It looks like vdSqrt does not work correctly in multi-threaded mode. Its performance is significantly slower than a simple loop of sqrt() calls. Moreover, it ignores OMP_NUM_THREADS completely.
I have made the attached test program to reproduce the bug, which had a dramatic impact and was hard to spot in amore complex application. This simple program computes the square root of a vector of 10000 elements for 5000 times. In order to prevent the compiler from removing code, some randomy selected items are added to a variable which is later printed to the standard output.
Three different ways of computing the square root are tested: 1) vdSqrt 2) loop of sqrt() 3) OpenMP parallel loop of sqrt()
Since I'm on a dual core machine (Core i5 430M), I run the code with OMP_NUM_THREADS=1 and OMP_NUM_THREADS=2. This measurements are obtained in a VMware virtual machine but the same behavior was observed on physical machines as well. The issue was reproduced on Debian 5, Ubuntu 8.04 and Ubuntu 10.10.

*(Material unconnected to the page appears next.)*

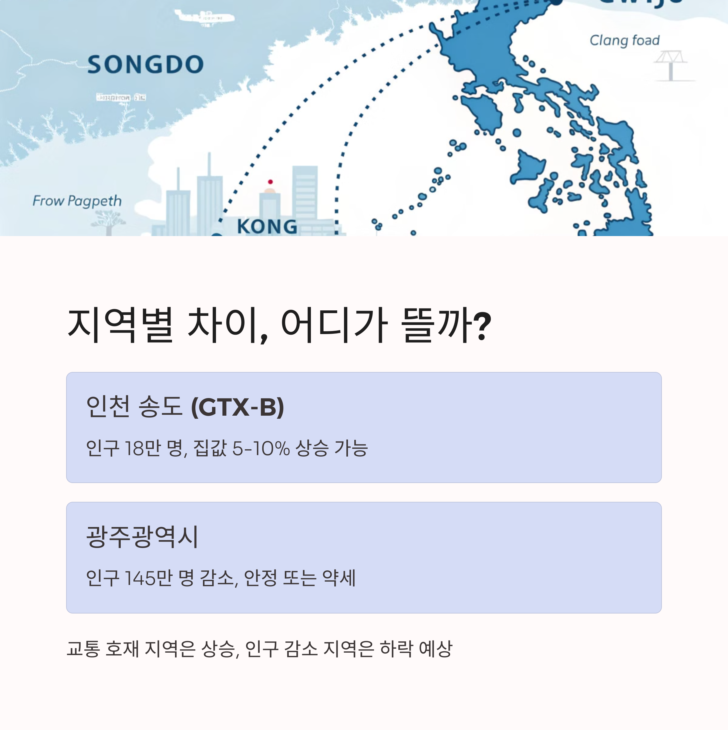 반면, 지방 광주광역시는 2024년 인구가 145만 명으로 줄며 집값이 약세예요

OMP_NUM_THREADS=1 OMP_NUM_THREADS=2 1) 0.99 s 0.96 s 2) 0.33 s 0.33 s 3) 0.34 s 0.21 s
If I force the code to run on fewer core by setting processor affinity with taskset the results are vastly different for vdSqrt: taskset -c 0 taskset -c 0,2 1) 0.33 s 1.19 s
In a more complex program, replacing vdSqrt with a loop of sqrt yielded a 9x speedup.
Performing a concurrency analysis with VTunes gives a better insight on the problem. While the third method and other MKL routines such as dgemv and dgemm only spawn a single worker thread with OMP_NUM_THREADS=2, vdSqrt spawns about 20 worker threads. The attached pictures highlights the issue.